§ **WHAT IS EXPECTED**
Retype the material below exactly, from its first line through the line with "ထိုသို့ ကွင်းဆင်းစစ်ဆေးရာတွင် တောင်ကြီးမြို့၊"; the pictures stay out.

Start of EXERCISE DATA

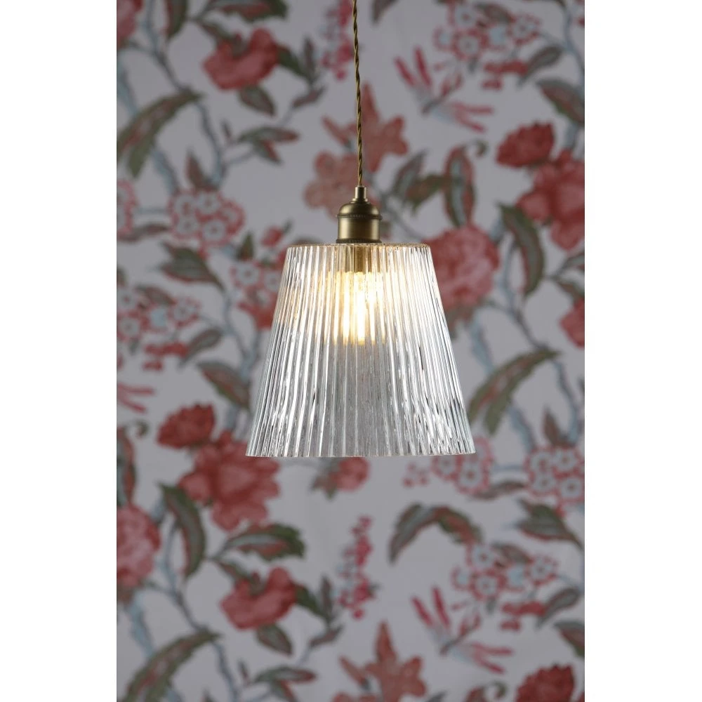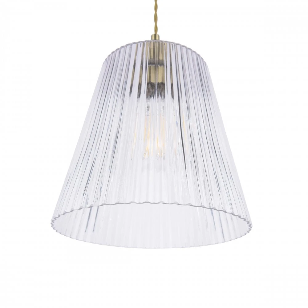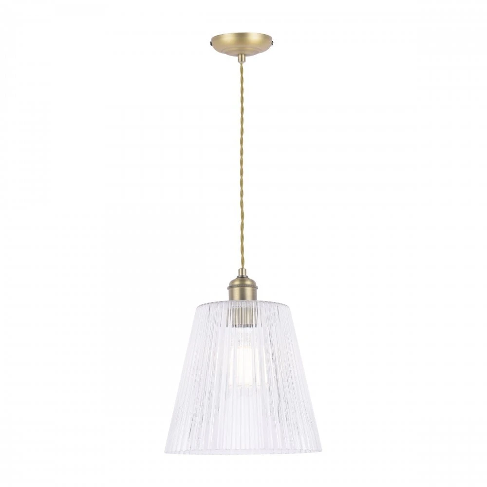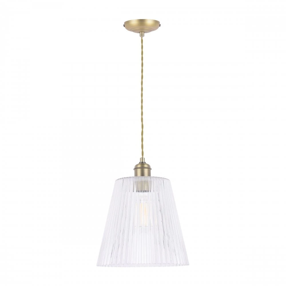 A modern ceiling pendant with a soft, antiqued brass finish with a ribbed glass shade. The tapered glass shades features a linear ribbed texture which helps to prevent glare from the bulb and adds a little sparkle.
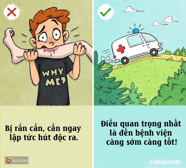 Trong phim, chúng ta thấy những người bị rắn độc cắn thường phải nhờ ai đó hút độc, hoặc chườm lạnh, thậm chí... đốt vết thương để khử độc. Nhưng thực tế thì tất cả những việc làm đó đều đã sai.
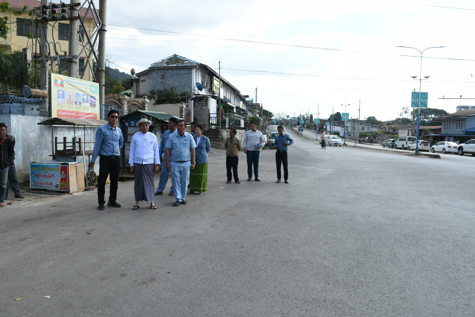 ထိုသို့ ကွင်းဆင်းစစ်ဆေးရာတွင် တောင်ကြီးမြို့၊ ကန်ရှေ့ရပ်ကွက်ရှိ ဇင်ယော်လမ်း ကွန်ကရစ်ခင်းခြင်းနှင့် ရေအေးကွင်းရပ်ကွက်ရှိ ကမ္ဘောဇလမ်းကတ္တရာခင်းခြင်းလုပ်ငန်းများ ဆောင်ရွက်ပြီးစီးနေမှုအခြေအနေများကိုလည်းကောင်း၊ အေးသာယာမြို့၊ ရပ်ကွက်(၃) (ထုံးဖို)ရှိ နောင်အင်လမ်းဆုံ ကွန်ကရစ်လမ်းပြုပြင်ပြီးစီးမှုအခြေအနေများကိုလည်းကောင်း ကြည့်ရှုစစ်ဆေးရာ တောင်ကြီးမြို့နယ် စည်ပင်သာယာရေးဌာနမှ အမှုဆောင်အရာရှိ ဦးကျော်မင်းထိုက်နှင့် တာဝန်ရှိသူများက လမ်းခင်းခြင်းလုပ်ငန်းနှင့်နှင့် လမ်းပုခုံးပြုလုပ်ခြင်း လုပ်ငန်းများဆောင်ရွက်နေမှုအခြေအနေများအား ရှင်းလင်းတင်ပြခဲ့သည်။
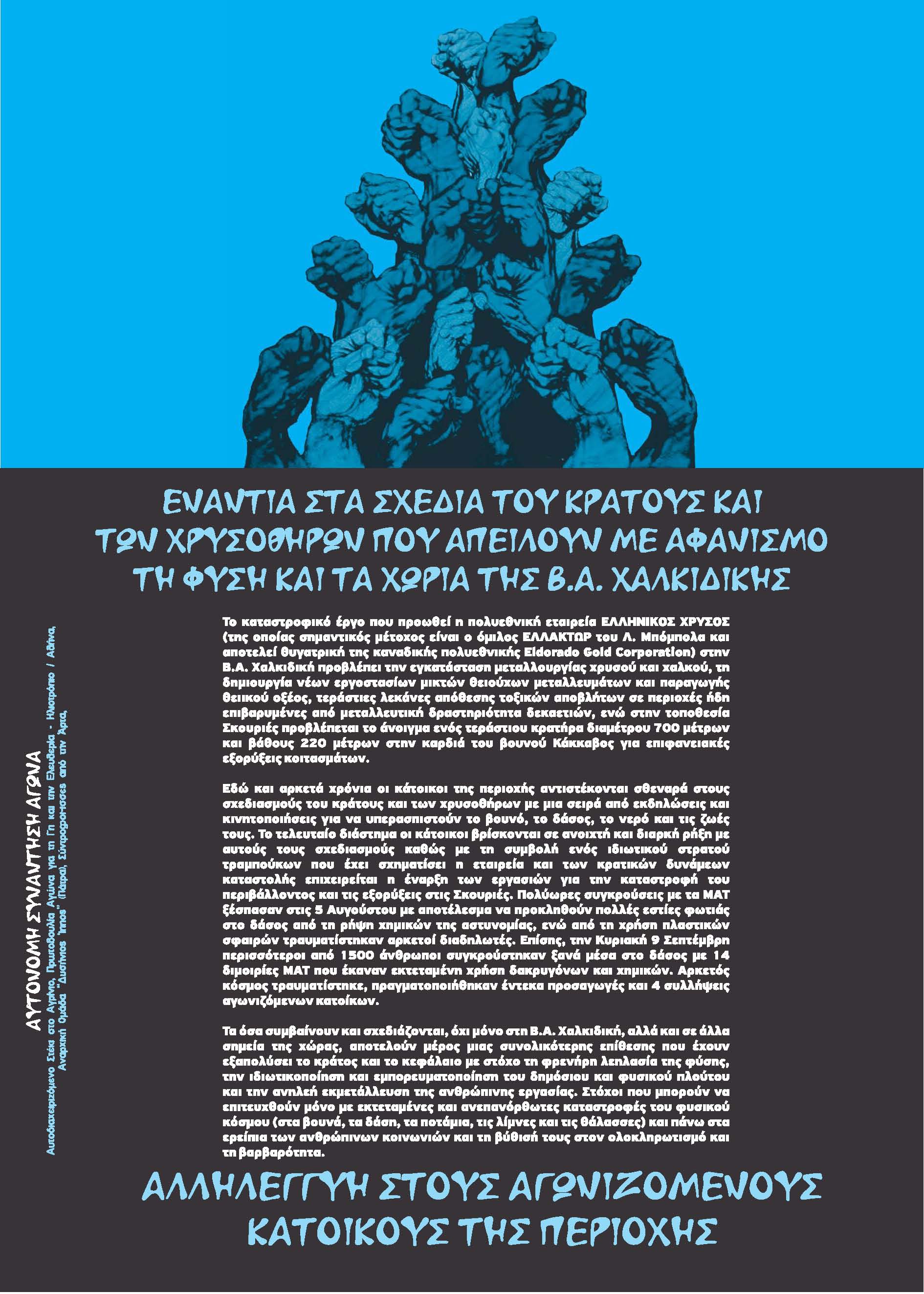 Σε αυτή τη δεδομένη και ολοένα εντεινόμενη επίθεση του κράτους και του καπιταλισμού απέναντι στη φύση και την κοινωνία, ο αγώνας θα πρέπει, για να έχει ελπίδες όξυνσης και διασύνδεσης, να είναι κινηματικός, μαχητικός, οριζόντιος και εξωστρεφής. Να μην αρκείται σε μια στείρα τοπική ανάγνωση του ζητήματος, αλλά να έχει αντίληψη πως αντίστοιχες επιθέσεις συμβαίνουν σε διάφορες περιοχές της χώρας (από τις Σκουριές ως το Αποπηγάδι και από την Πάρνηθα ως τον Αμβρακικό) και πως το ζητούμενο για όσους αντιστέκονται είναι η σύνδεση και η ενότητα στη δράση απέναντι στην κοιτίδα της καταστροφής και της λεηλασίας του φυσικού κόσμου, του αφανισμού των τοπικών κοινωνιών, της εξαθλίωσης και της φτώχειας της συντριπτικής πλειοψηφίας των ανθρώπων, δηλαδή στον καπιταλισμό και το κράτος.

End of EXERCISE DATA

§ **OUTPUT OF THE EXERCISE**
 A modern ceiling pendant with a soft, antiqued brass finish with a ribbed glass shade. The tapered glass shades features a linear ribbed texture which helps to prevent glare from the bulb and adds a little sparkle.
 Trong phim, chúng ta thấy những người bị rắn độc cắn thường phải nhờ ai đó hút độc, hoặc chườm lạnh, thậm chí... đốt vết thương để khử độc. Nhưng thực tế thì tất cả những việc làm đó đều đã sai.
 ထိုသို့ ကွင်းဆင်းစစ်ဆေးရာတွင် တောင်ကြီးမြို့၊ ကန်ရှေ့ရပ်ကွက်ရှိ ဇင်ယော်လမ်း ကွန်ကရစ်ခင်းခြင်းနှင့် ရေအေးကွင်းရပ်ကွက်ရှိ ကမ္ဘောဇလမ်းကတ္တရာခင်းခြင်းလုပ်ငန်းများ ဆောင်ရွက်ပြီးစီးနေမှုအခြေအနေများကိုလည်းကောင်း၊ အေးသာယာမြို့၊ ရပ်ကွက်(၃) (ထုံးဖို)ရှိ နောင်အင်လမ်းဆုံ ကွန်ကရစ်လမ်းပြုပြင်ပြီးစီးမှုအခြေအနေများကိုလည်းကောင်း ကြည့်ရှုစစ်ဆေးရာ တောင်ကြီးမြို့နယ် စည်ပင်သာယာရေးဌာနမှ အမှုဆောင်အရာရှိ ဦးကျော်မင်းထိုက်နှင့် တာဝန်ရှိသူများက လမ်းခင်းခြင်းလုပ်ငန်းနှင့်နှင့် လမ်းပုခုံးပြုလုပ်ခြင်း လုပ်ငန်းများဆောင်ရွက်နေမှုအခြေအနေများအား ရှင်းလင်းတင်ပြခဲ့သည်။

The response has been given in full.